The Winter RoseThe Winter Rose
The Winter Rose [Kindle版]
Author: Jennifer Donnelly
Category: Historical Fiction
Length: 720 pages / 34 hours
  • Total recommends:★★★★★★
    Difficulty:
    ☆ 
    Story:

    Can't-sleep-degree:

    Romance-packed-degree:

    Adventure-packed -degree:

        • Mystery-packed-degree:


    2015年英語読書日記 No.25(耳読書No.18) 289冊目

    これも今年のベストに入ります。もちろん現時点でヒストリカルロマンス今年のナンバー1!

    500ページを超えると、目で読む時間があまり確保できない日々なので、読むのに勇気がいります。これは720ページ。何年もwishlistに入っていたんですが、たまたまaudible化されてるのを発見。34時間あるので、これまた勇気がいりました。でも、このところ、audibleを聞きすぎて、年間クレジットがあと残り少ないんです。更新するとまとまったお金が必要なので(これでも一応主婦なので気を遣うのです)しばらく持つものをと思って、ポチッとしました。

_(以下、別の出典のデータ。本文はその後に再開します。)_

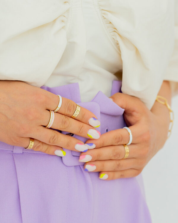 Pierścionek prześlicznie ozdobi dłoń, podkreślając wyrazistość oraz wiosenno-letni akcent Twojej stylizacji. Kolorowy pierścionek wygląda rewelacyjnie noszony samodzielnie lub w zestawieniu z innymi pierścionkami z emalią dostępnymi w naszym sklepie.
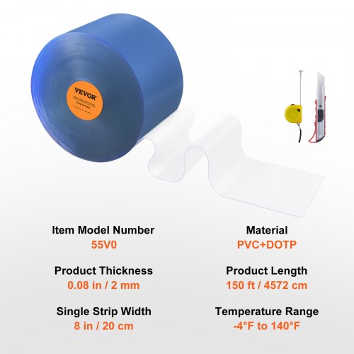 VEVOR Streifenvorhang, 150' Länge, 8" Breite, 0,08" Dicke, klare, glatte Kunststoff-Türstreifen, PVC-Vorhangstreifen-Tür-Großrolle für Lagerhallen, Fabriken, Supermärkte, Einkaufszentren, Hallen, Garagen

    ところがどっこい。★いくつもつけました。今まで相当読んだつもりですが、ここまで波乱万丈なシリーズ結構すくないです。しかもファンタジーとかじゃないから、主人公たちが自ら危機を切り抜けていく。その危機がたいていは人間のエゴからくるものとくると一筋縄じゃあいかないところに面白さがあります。

    王道を行くヒストリカルフィクション。ロマンスです。

    消化不良になるほどドラマチック。 寝不足になりました。最後は夜中3時まできいて、まだ終わらないから朝早く起きてベッドで聞き終わりました。3週間ぐらいの予定を2週間で聞くという暴挙に走ってしまいました。1日2時間半ぐらい平均で聞くという・・・。いやね、私はこれ以外にもニュースを英語で聞いているので、この2週間のリスニング時間はちょっと異様だったわけです。

    これは1巻があるんです。これ。

    私の読書日記はコチラ http://blog.livedoor.jp/angel430/archives/3791062.html

    ★五つ半です。今考えたら6つぐらいにしてもよかったかも。

    1巻の主人公が今度は脇役なんですが、けっこう出てきます。こんどの主人公は1巻のヒロインだったフィオナの行方不明だった兄チャーリーと恋に落ちるインディア。彼女は当時ではかなり珍しかった女医さんです。

    ビクトリア女王からエドワード王の時代なので、イギリス帝国主義の時代です。だから、舞台はイギリス、ロンドンの下町、郊外の貴族の館、そして、1巻ではアメリカが焦点になっていたんですが、今回はアフリカ。その舞台の設定もうまい。ロンドンの労働者階級がひしめき合って住むホワイトチャペルで貴族出身のヒロインインディアが、暮らしに困る女性と子供たちのために奔走します。当時のひどい暮らしの描写もうまい。歴史もよく調べていると思います。今のイギリスの医療制度の楚、原型となるようなエピソードや、労働者階級の台頭尾も描かれていて話に厚みが加わっています。

    とにかくよくもまあここまでドラマチックに書けるもんだと舌をまくこと数十回。これでもか、これでもかと危機が訪れて、切り抜けていく熱い熱い話に仕上がっています。後半はもう止まらなくて、ほんとに夜を徹して聞いたみたいな(笑)

    ドラマチックさはドラマ化されている「Outlander」に引けを取らないと思います。時代が違うので、まったく感じは違いますが、こちらのヒロインのほうが私は好みです。骨太です。

    話はスキがないほど濃いです。軽さはまったくないと思います。時代を反映してか、悪役は悪役らしくてほんとうに憎たらしいほど主人公たちを最後まで苦しめます。悪役を徹底的に描き切っているのもこのお話をとても厚くすることに成功しているんだなあと思いながら聞きました。

    英語は会話文も多いし、基本ロマンスなので大丈夫だと思います。難しさよりも先に読みたい気持ちに走るのは1巻でも同じでした。1巻も実はaudibleで聞きたかったと思っていたんですが、当時はまだ出ていませんでした。だから今回は大満足。

    なぜかというと、これもコックニー訛りをはじめとする数種のイギリス英語の方言で語られるからです。一番聞き取りにくいのは、よみにくかったのと同様コックニーです。訛りのあるのはやっぱり耳で聞いたほうが面白いかも。これもaudibleで聞くとかなり盛り上がると私は思いました。

    ああ、ドラマチック大好き。聞き終わるのが惜しい話に出会えると本当にうれしいです。

    これの続きはまだaudibleが出ていないようなので、しばらく待ってみよう。

    蛇足ですが、コンピュータをリカバリーしないといけないかもという事態に陥っております。これを打つのもへんなポップアップ広告に邪魔されてなかなかできないです(涙)せめて耳だけは感動してよかったです。

    読んでいただきありがとうございました。